Снова свист плети в воздухе. Еще один удар. И еще один.

Кэссин не хотел смотреть, он и вообще не хотел быть здесь. Где угодно, только не здесь. А с какой стати, собственно? Что с ним творится? Разве он не видел боли, не видел крови, не видел пыток? Разве сам не испытывал боли? Так почему же он хочет бежать сломя голову куда угодно, почему он закрыл глаза, словно слабонервная барышня, которой жалко муху раздавить, потому что мухе будет больно? Неужели все дело в этом дурацком видении, которое так и маячит перед глазами, – сизые сумерки, тихий плеск речной воды, запах дыма, и сосновых иголок, и лесной прели, и потрескивание полена в костре, и руки Кенета, облепленные рыбьей чешуей, и его негромкий смех вторит смеху Кэссина, и где-то неподалеку лягушки разорались, словно у них парад по случаю дня рождения какой-то титулованной особы, и снова потрескивает полено, и тишина кругом… спокойная и радостная… и Кенет снова усмехается… видение того, чего никогда не было… и не будет никогда…

Кэссин насильно заставил себя открыть глаза – и уже не смог их закрыть.

Его кэйри, всегда такой сдержанный и хладнокровный, словно обезумел, его перекошенное лицо лоснилось от пота. Удары следовали один за другим с размаху – как он только плечо не вывихнул, замахиваясь так широко? Плеть уже не свистела, вспарывая воздух, а выла. Зато не выл пленник – не выл, не вопил, не визжал… он стоял молча. Стоял как врытый. Не двигаясь. У Кэссина отлегло от души: это не на самом деле, это просто дурной сон. На самом деле устоять невозможно – уж кто-кто, а Кэссин знает. Совсем некстати на память пришло, как его самого отливали водой, когда он дважды потерял сознание во время порки – на четвертом ударе и потом на одиннадцатом… память отозвалась ноющей болью в спине: в давно заживших рубцах отдавалось резкое биение крови. Безумие. Страшный сон. Просто страшный сон. Выстоять под такими ударами невозможно.

Еще один удар – через все лицо, наискосок, от правого виска влево и вниз.

Только тогда Гобэй опустил плеть и вновь пробормотал несколько слов. Теперь Кэссин услышал их явственно – и пол уплыл куда-то из-под ног. Хорошо еще, что стенка рядом – есть куда прислониться, чтобы ни Кенет, ни кэйри не заметили его минутной слабости. Кэссин отчаянно стыдился себя, но ничего не мог поделать. Он ведь думал, что Кенет сам стоит на ногах. Как бы не так. Кэйри Гобэй успел произнести замыкающее заклинание. Кенет ничего не мог ему противопоставить здесь, в чужом месте средоточия. Он не мог сопротивляться, не мог поднять руки, чтобы заслонить лицо. Он стоял неподвижно – стоял, потому что не мог упасть. А теперь кэйри отменил замыкание, и Кэссин с ужасом и недоверием увидел, как пленник пошатнулся и рухнул лицом вниз. Нет. Все-таки не сон, а явь. Только очень уж мерзкая.
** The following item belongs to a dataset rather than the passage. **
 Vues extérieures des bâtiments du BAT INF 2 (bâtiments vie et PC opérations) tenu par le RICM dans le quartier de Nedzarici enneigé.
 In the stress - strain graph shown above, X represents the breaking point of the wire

– Вставай, – тяжело дыша, велел ему кэйри и протянул пленному магу длинную рукоять плети. Тот со стоном приподнялся, опираясь на связанные руки, взглянул – и лицо его исказилось не болью, а немыслимым, невероятным омерзением. Он судорожно сглотнул, словно подавляя приступ рвоты, с трудом отполз на пару шагов и медленно поднялся сам.

Вид пленника был страшен. Его коричневато-серая одежда ремесленника превратилась в мешанину окровавленных лохмотьев. Глубокая рана с неровным развалом преобразила его лицо в кошмарную маску из двух несовместимых частей. Верхняя была знакомой и привычной – вот разве что гневный блеск во всегда спокойных насмешливых глазах… но тем более чужой и жуткой она выглядела над тем, что располагалось ниже раны. Левая щека, губы и подбородок сплошь залиты кровью, алой, лаково блестящей. Верхняя часть лица была почти мертвенно-неподвижной, но эта алая мертвая маска отчего-то казалась пугающе, противоестественно живой. Кэссина затрясло, когда губы алой сверкающей маски с усилием раздвинулись и хриплый голос произнес:

– Ты бы хоть мальчика постыдился… нехорошо ведь…
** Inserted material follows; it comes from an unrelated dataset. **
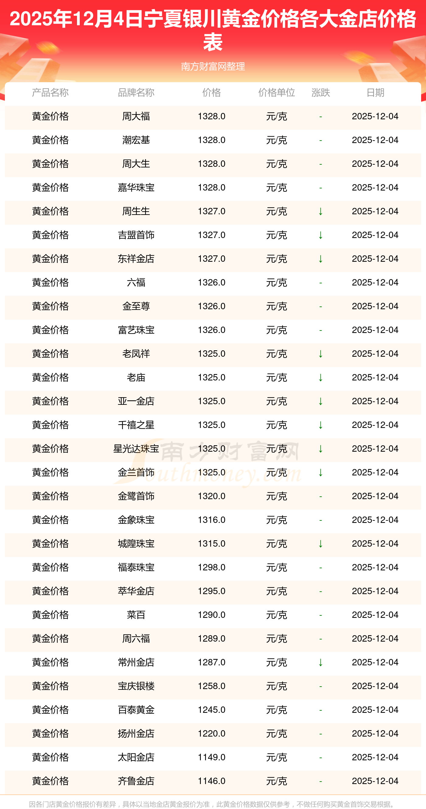 一、寧夏銀川各大金店黃金價(jià)格多少錢一克?黃金價(jià)格今日價(jià)格查詢表

Кэссин ощутил дурноту. А будь он неладен, этот Кенет! Он опять ухитрился произнести совсем не те слова. Ему бы сейчас вопить и кататься по полу от дикой боли… или молить о пощаде… или высокомерно молчать, раз уж он такой храбрый… или осыпать ненавистного мучителя оскорблениями и издевками… или сказать что-нибудь другое… Другое, не это, совсем другое, какие-то совсем другие слова! А он опять сказал что-то не то! И опять от его слов начинает казаться, что не слова неправильны, а все, что творится вокруг, неправильно, неестественно, глупо, мелочно и постыдно. Постыдно… хоть бы мальчика постыдился… какого еще мальчика, здесь же нет никого… так это он – о нем? Это Кэссин – мальчик? На себя посмотри, молокосос, я ведь старше тебя!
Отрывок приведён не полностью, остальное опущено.